OpenFeature is an open standard for feature flag management. It provides a unified API to simplify and streamline the use of feature flags across different tools and platforms.

Giulia Di Pietro

Jun 27, 2024


If you’ve worked with feature flags before, you may have heard of the open source project: OpenFeature.

OpenFeature is an open standard for feature flag management. It provides a unified API to simplify and streamline the use of feature flags across different tools and platforms.

This blog post, inspired by the YouTube video released recently about OpenFeature, will cover:

  • The benefits of having an open standard for feature flags

  • How OpenFeature works

  • Evaluation, Hooks, and Events

  • And how to observe flags with OpenFeature

But let’s start with a refresher on what feature flags are.

What are feature flags?

Feature flags are software development techniques that enable teams to switch features on or off or tweak them in a production environment without deploying fresh code. This approach enhances flexibility, allowing for safer, faster feature releases, effective A/B testing, and smooth, gradual rollouts.

For more in-depth information, read the dedicated blog post: Understanding Feature Flags: All You Need to Know

Open Standard for Feature Flags: The Benefits

Multiple feature flag management systems exist to help you manage and maintain feature flags in your software development projects. However, these systems lack standardization, leading to inconsistencies, integration challenges, and potential vendor lock-in, making it difficult to seamlessly manage feature flags across diverse environments and tools.

An open standard for feature flags is essential to ensure interoperability, consistency, and ease of integration across different tools and platforms. This will reduce vendor lock-in and enable developers to manage feature flags more efficiently and effectively within diverse, evolving tech stacks.

How does OpenFeature work?

OpenFeature provides a unified API and SDKs that abstract the complexities of different feature flag management systems, allowing developers to implement feature flags in a standardized way.

It integrates with various feature flag providers, enabling seamless configuration and management of feature flags across multiple environments. Using OpenFeature, developers can define feature flags once and utilize them across different services and applications, ensuring consistency and reducing the overhead of using multiple disparate feature flagging tools.

To achieve this, OpenFeature introduced the concept of OpenFeature Provider.

OpenFeature Provider: an overview

Each feature flag solution must have a provider defined in OpenFeature. The provider aims to ensure the OpenFeature flag evaluation is correctly translated for the appropriate backend.

To create an OpenFeature client, follow these steps:

            

import { OpenFeature } from '@OpenFeature/server-sdk';

OpenFeature.setProvider(new YourProviderOfChoice());

Then you can use the OpenFeature client:

            

const client = OpenFeature.getClient('my-app');

Feature flag Evaluation

Once you have the client defined, you can run Feature Flag evaluations :

            

// get a bool value

const boolValue = await client.getBooleanValue('boolFlag', false);

// get a string value

const stringValue = await client.getStringValue('stringFlag', 'default');

// get an numeric value

const numberValue = await client.getNumberValue('intFlag', 1);

// get an object value

const object = await client.getObjectValue<MyObject>('objectFlag', {})

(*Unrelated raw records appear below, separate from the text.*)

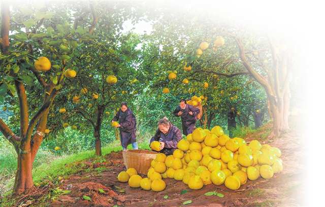梁平区合兴街道龙滩村,村民采摘梁平柚 摄/熊伟 |
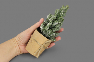 Создайте уютную зимнюю сказку с этой миниатюрной ёлочкой! Она покрыта кристаллами снега и крепко установлена в миниатюрный горшочек из крафта.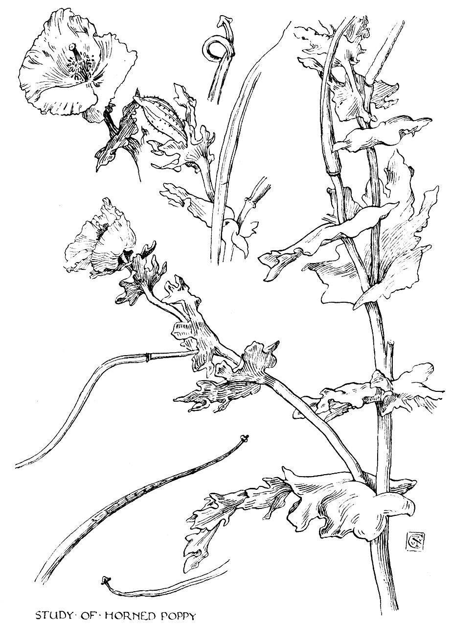 One of the best and simplest ways to ascertain the real value of a colour and its effect upon different grounds or fields is to take a flower—say a red poppy, and place it against a white paper ground, blocking in the local colour as relieved upon white, as near as may be to its full strength, with a brush, and defining the form as we go along. Then try the same flower upon grounds of different tints—green, blue, yellow—and it will be at once perceived what a different value and expression the same form in the same colour has upon different tinted grounds. A scarlet poppy would appear clearest and darkest upon white; it would show a tendency upon a blue ground to blend or blur at its edges, and also on yellow and green to a less extent.

Alternatively, you can perform a detailed evaluation, which provides additional metadata along with the evaluation. This metadata includes:

  • Flag Key: The unique identifier for a feature flag

  • Value: The value returned from a flag evaluation

  • Reason (optional): A string explaining why the flag value was returned

  • Variant (optional): The variant associated with the return flag value

  • Error Code (optional): An error code that categorizes flag evaluation errors

  • Error Message (optional): A string detailing the error.

            

// get details of boolean evaluation

const boolDetails = await client.getBooleanDetails('boolFlag', false);

// get details of string evaluation

const stringDetails = await client.getStringDetails('stringFlag', 'default');

// get details of numeric evaluation

const numberDetails = await client.getNumberDetails('intFlag', 1);

// get details of object evaluation

const objectDetails = await client.getObjectDetails<MyObject>('objectFlag', {});

If your feature flag evaluation needs to consider metadata such as age, gender, location, or more, then you must define that metadata in your feature flag system. This also means you need to send this additional data with each feature flag evaluation. This concept is called an evaluation context. Each feature evaluation method can take an additional parameter with the feature flag context.

            

// add a value to the invocation context

const context: EvaluationContext = {

myInvocationKey: 'myInvocationValue',

};

const boolValue = await client.getBooleanValue('boolFlag', false, context);

How to Use Hooks in OpenFeature

Feature flags introduce the concept of Hooks, an impressive feature that allows you to trigger actions at various points in the feature flag evaluation process:

  • Before Evaluation: Trigger actions before the evaluation begins

  • After Successful Evaluation: Trigger actions after receiving a successful result from the feature flag evaluation

  • On Error: Trigger actions if the evaluation generates an error

  • Finally: Trigger actions after the evaluation, regardless of whether they succeeded or failed.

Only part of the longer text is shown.